** Opening Supplied material block **

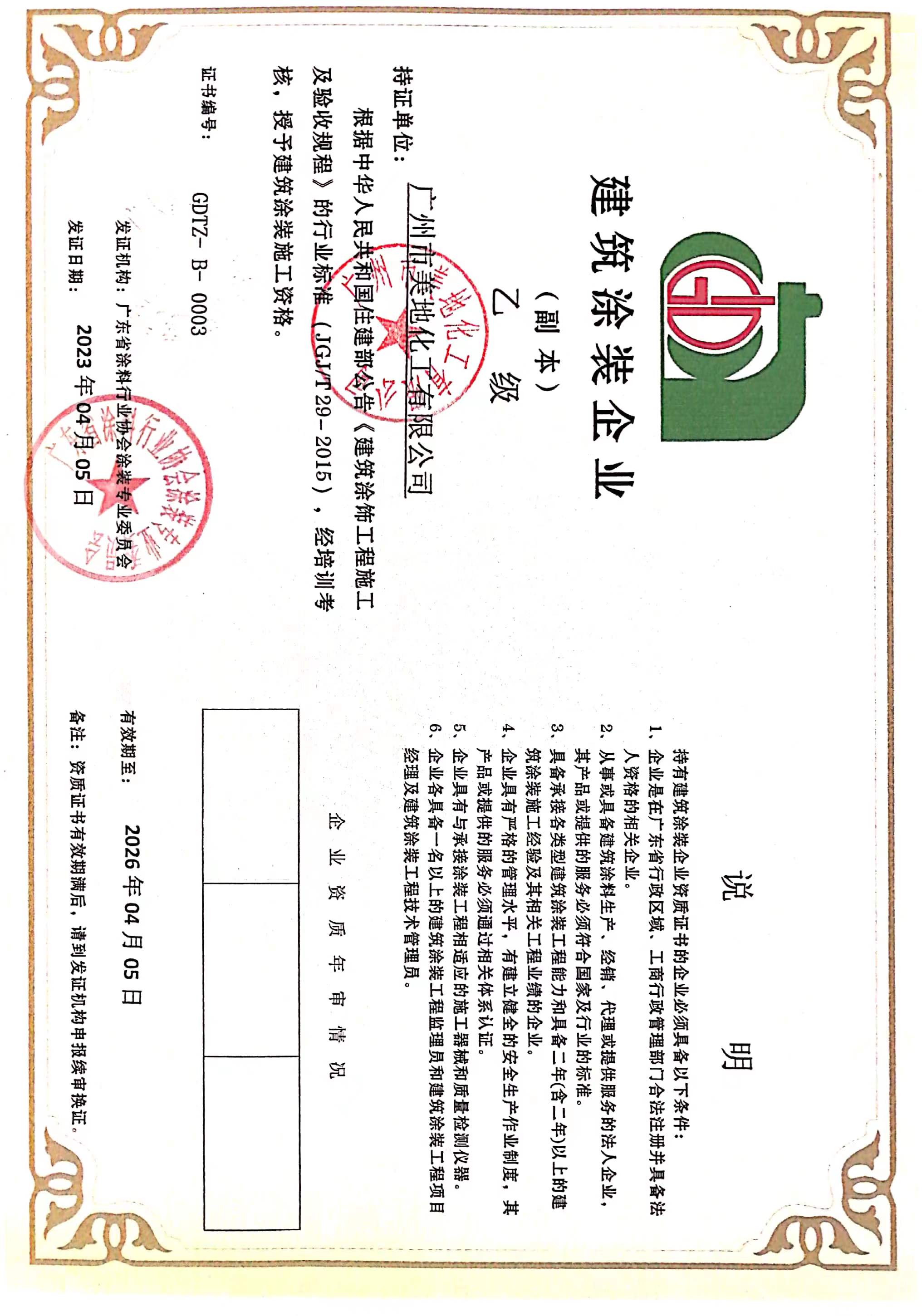 廣州美地于2017年4于5日榮獲建筑涂裝企業乙級資質證書,證件編號:GDTZ-B-0003.此次證書的獲得表明美地美地坪漆公司成為了廣東省涂料行業內具有建筑行業裝修資質和安全聲場許可證的地坪漆廠家。
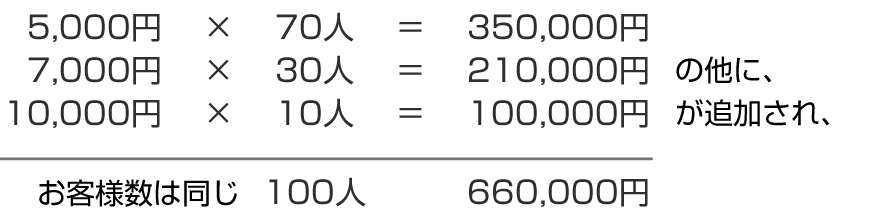 5,000円の施術コースのお客様が70人、7,000円の施術コースのお客様が30人いるとすると、
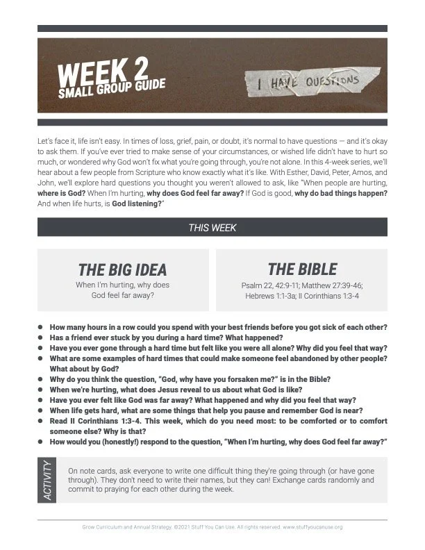 Let’s face it, life isn’t easy. In times of loss, grief, pain, or doubt, it’s normal to have questions — and it’s okay to ask them. If you’ve ever tried to make sense of your circumstances, or wished life didn’t have to hurt so much, or wondered why God won’t fix what you’re going through, you’re not alone. In this 4-week series, we’ll hear about a few people from Scripture who know exactly what it’s like. With Esther, David, Peter, Amos, and John, we’ll explore hard questions you thought you weren’t allowed to ask, like “When people are hurting, where is God? When I’m hurting, does God leave me? If God is good, why do bad things happen? And when life hurts, is God listening?“

** Closing Supplied material block **

■ What the exercise asks:
Transcribe the preceding listing in its entirety and with exact wording, leaving out pictures.

■ Solution to this problem:
 廣州美地于2017年4于5日榮獲建筑涂裝企業乙級資質證書,證件編號:GDTZ-B-0003.此次證書的獲得表明美地美地坪漆公司成為了廣東省涂料行業內具有建筑行業裝修資質和安全聲場許可證的地坪漆廠家。
 5,000円の施術コースのお客様が70人、7,000円の施術コースのお客様が30人いるとすると、
 Let’s face it, life isn’t easy. In times of loss, grief, pain, or doubt, it’s normal to have questions — and it’s okay to ask them. If you’ve ever tried to make sense of your circumstances, or wished life didn’t have to hurt so much, or wondered why God won’t fix what you’re going through, you’re not alone. In this 4-week series, we’ll hear about a few people from Scripture who know exactly what it’s like. With Esther, David, Peter, Amos, and John, we’ll explore hard questions you thought you weren’t allowed to ask, like “When people are hurting, where is God? When I’m hurting, does God leave me? If God is good, why do bad things happen? And when life hurts, is God listening?“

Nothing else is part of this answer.